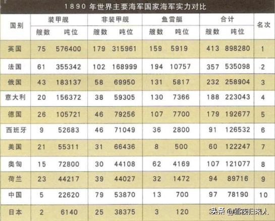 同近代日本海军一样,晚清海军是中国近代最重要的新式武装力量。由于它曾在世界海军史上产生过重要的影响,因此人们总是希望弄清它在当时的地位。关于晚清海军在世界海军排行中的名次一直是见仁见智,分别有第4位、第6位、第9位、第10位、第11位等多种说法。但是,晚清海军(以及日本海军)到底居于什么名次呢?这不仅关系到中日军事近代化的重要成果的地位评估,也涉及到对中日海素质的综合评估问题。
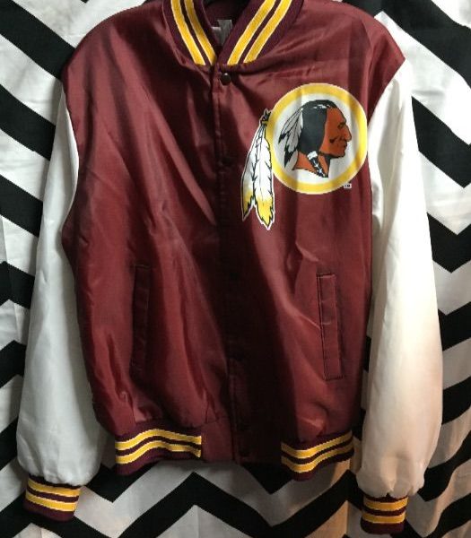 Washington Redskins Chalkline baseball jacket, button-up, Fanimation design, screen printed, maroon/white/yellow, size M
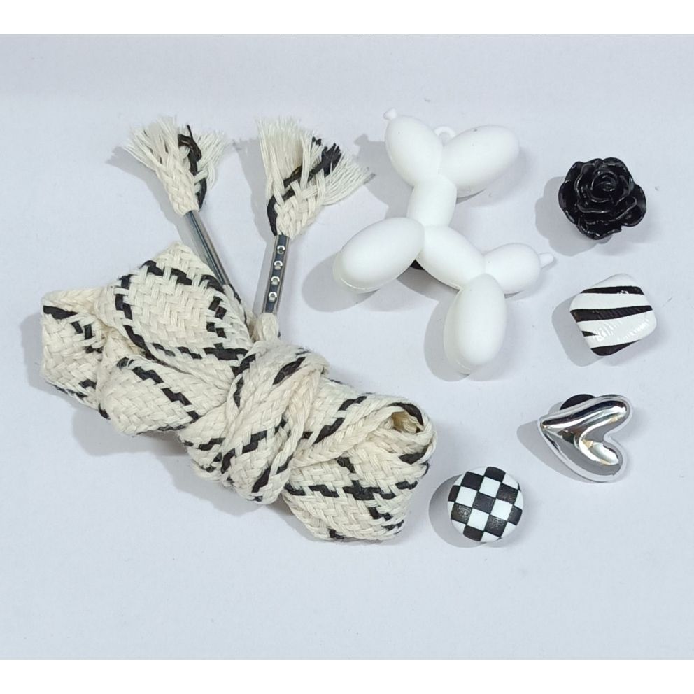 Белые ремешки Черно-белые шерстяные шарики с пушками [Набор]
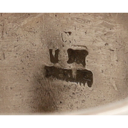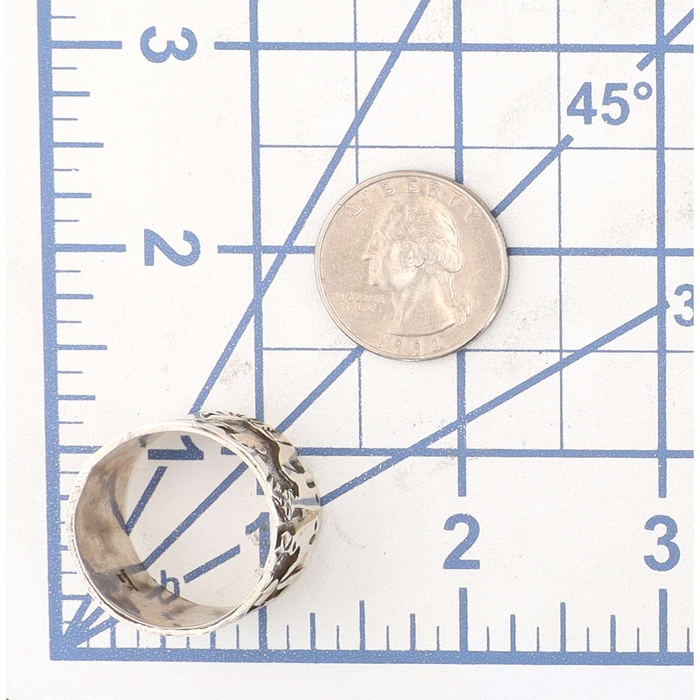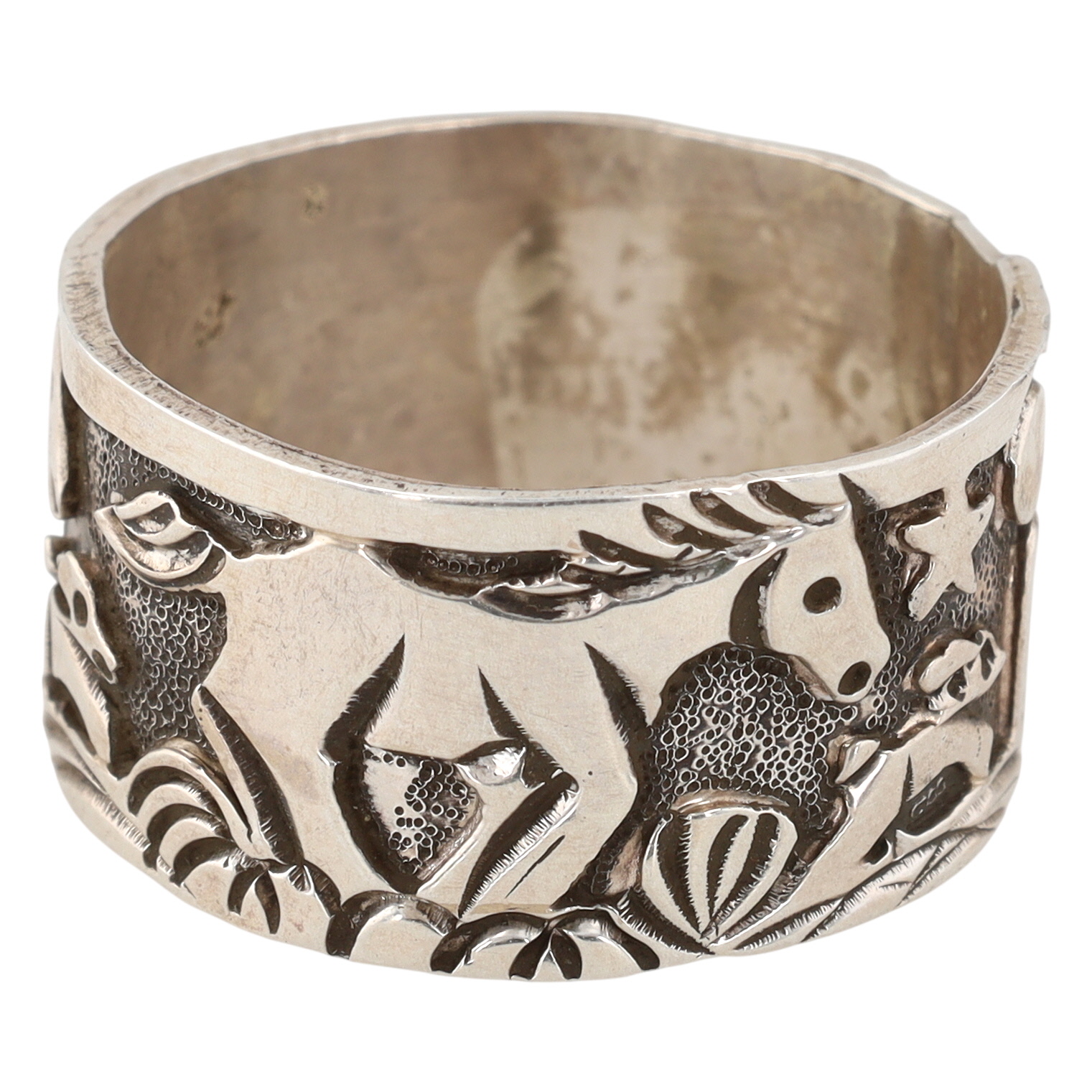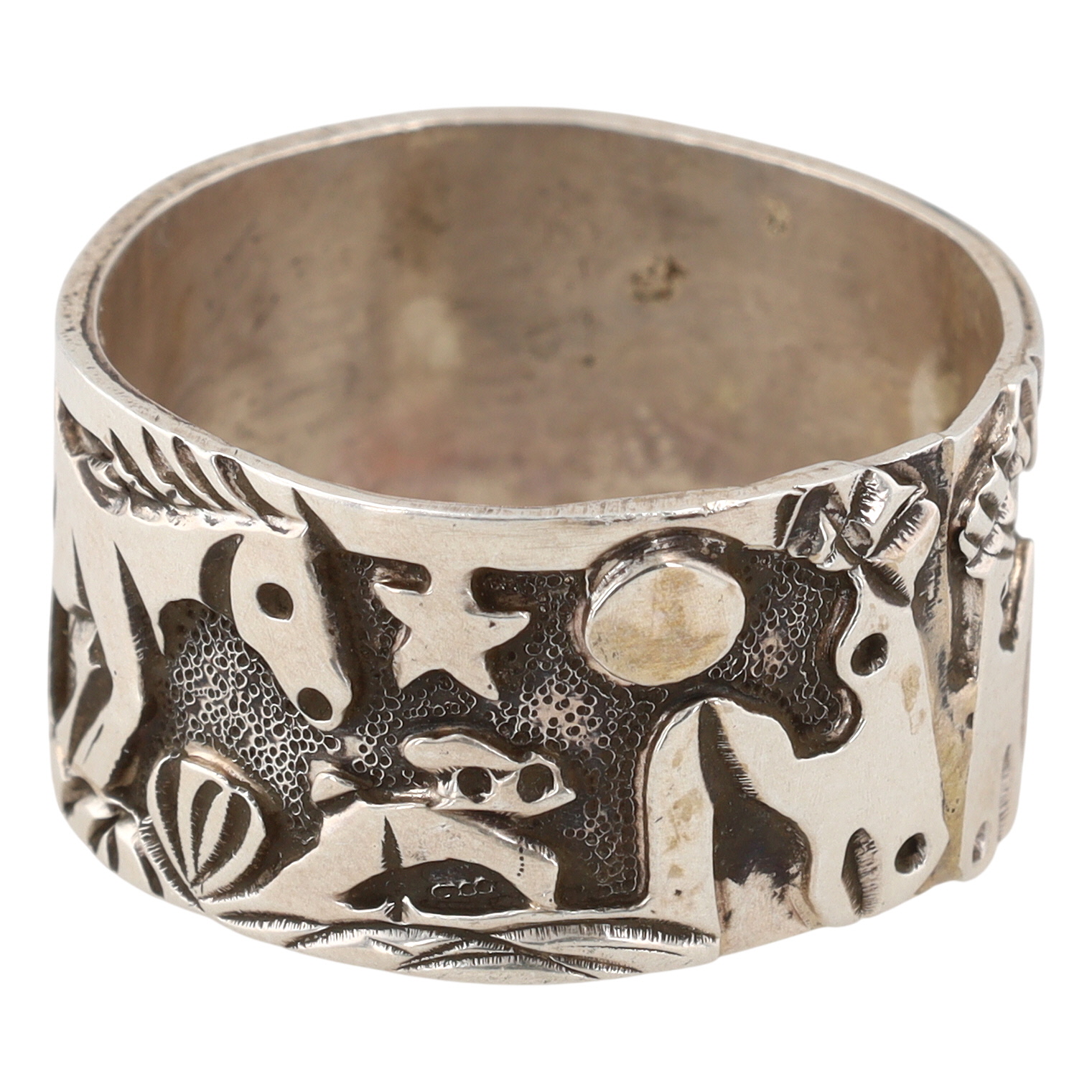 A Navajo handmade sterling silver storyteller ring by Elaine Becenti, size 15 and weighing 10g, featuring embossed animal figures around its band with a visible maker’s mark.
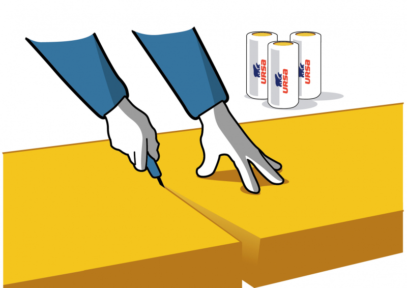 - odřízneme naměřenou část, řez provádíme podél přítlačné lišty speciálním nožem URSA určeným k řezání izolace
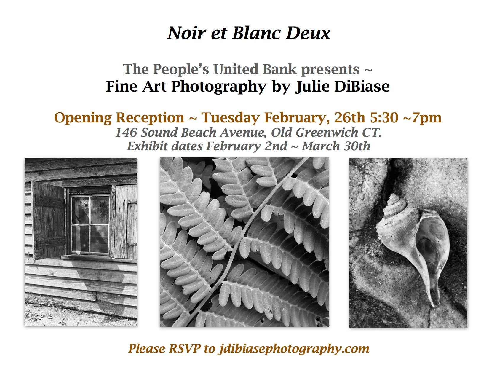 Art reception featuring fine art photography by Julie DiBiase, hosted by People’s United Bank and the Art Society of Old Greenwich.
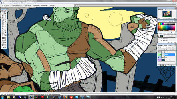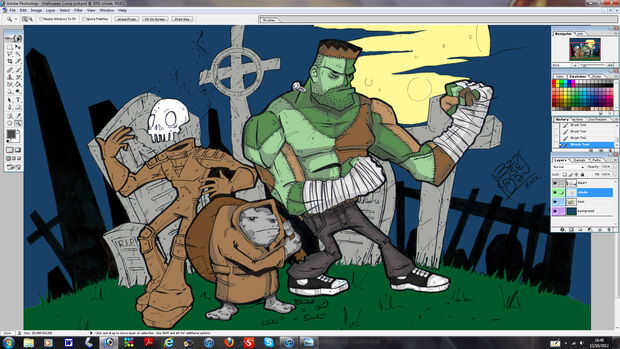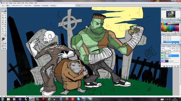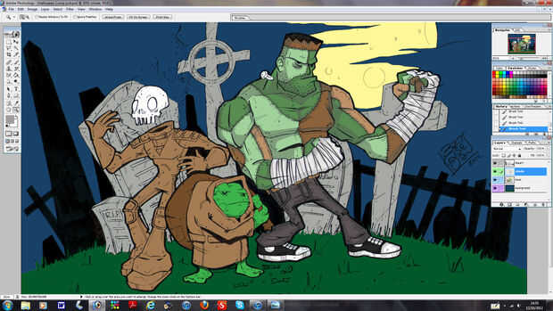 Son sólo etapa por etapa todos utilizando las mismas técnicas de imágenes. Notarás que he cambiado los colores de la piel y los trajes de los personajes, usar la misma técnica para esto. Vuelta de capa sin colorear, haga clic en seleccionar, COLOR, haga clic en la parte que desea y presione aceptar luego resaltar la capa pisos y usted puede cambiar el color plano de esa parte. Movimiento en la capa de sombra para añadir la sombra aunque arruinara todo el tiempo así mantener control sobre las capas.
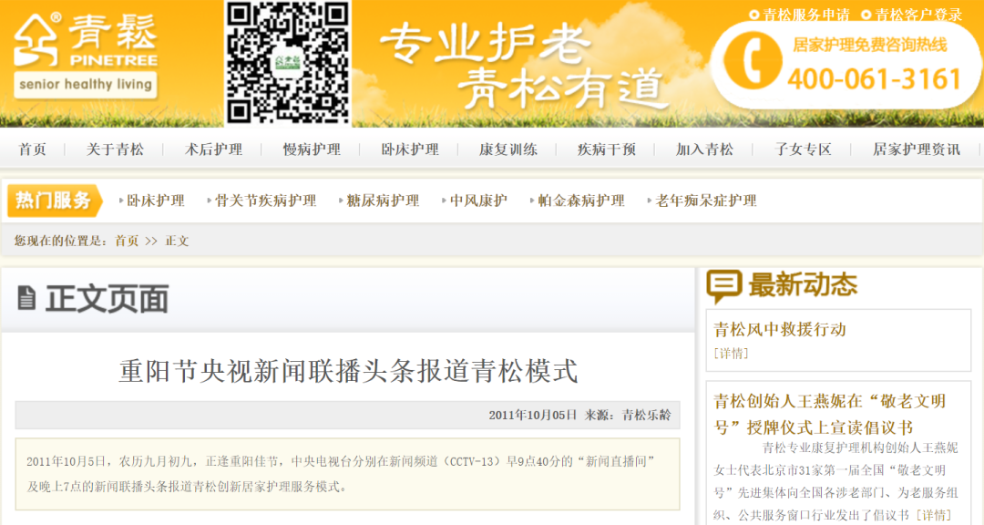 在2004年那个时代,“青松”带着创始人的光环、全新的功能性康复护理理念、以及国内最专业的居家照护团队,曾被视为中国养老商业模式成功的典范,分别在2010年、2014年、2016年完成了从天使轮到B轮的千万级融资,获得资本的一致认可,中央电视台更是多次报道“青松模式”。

PROBLEM DESCRIPTION:
Working from the listing above, retype it exactly but include no images.

OUTPUT FOR THIS EXERCISE:
 同近代日本海军一样,晚清海军是中国近代最重要的新式武装力量。由于它曾在世界海军史上产生过重要的影响,因此人们总是希望弄清它在当时的地位。关于晚清海军在世界海军排行中的名次一直是见仁见智,分别有第4位、第6位、第9位、第10位、第11位等多种说法。但是,晚清海军(以及日本海军)到底居于什么名次呢?这不仅关系到中日军事近代化的重要成果的地位评估,也涉及到对中日海素质的综合评估问题。
 Washington Redskins Chalkline baseball jacket, button-up, Fanimation design, screen printed, maroon/white/yellow, size M
 Белые ремешки Черно-белые шерстяные шарики с пушками [Набор]
 A Navajo handmade sterling silver storyteller ring by Elaine Becenti, size 15 and weighing 10g, featuring embossed animal figures around its band with a visible maker’s mark.
 - odřízneme naměřenou část, řez provádíme podél přítlačné lišty speciálním nožem URSA určeným k řezání izolace
 Art reception featuring fine art photography by Julie DiBiase, hosted by People’s United Bank and the Art Society of Old Greenwich.
 Son sólo etapa por etapa todos utilizando las mismas técnicas de imágenes. Notarás que he cambiado los colores de la piel y los trajes de los personajes, usar la misma técnica para esto. Vuelta de capa sin colorear, haga clic en seleccionar, COLOR, haga clic en la parte que desea y presione aceptar luego resaltar la capa pisos y usted puede cambiar el color plano de esa parte. Movimiento en la capa de sombra para añadir la sombra aunque arruinara todo el tiempo así mantener control sobre las capas.
 在2004年那个时代,“青松”带着创始人的光环、全新的功能性康复护理理念、以及国内最专业的居家照护团队,曾被视为中国养老商业模式成功的典范,分别在2010年、2014年、2016年完成了从天使轮到B轮的千万级融资,获得资本的一致认可,中央电视台更是多次报道“青松模式”。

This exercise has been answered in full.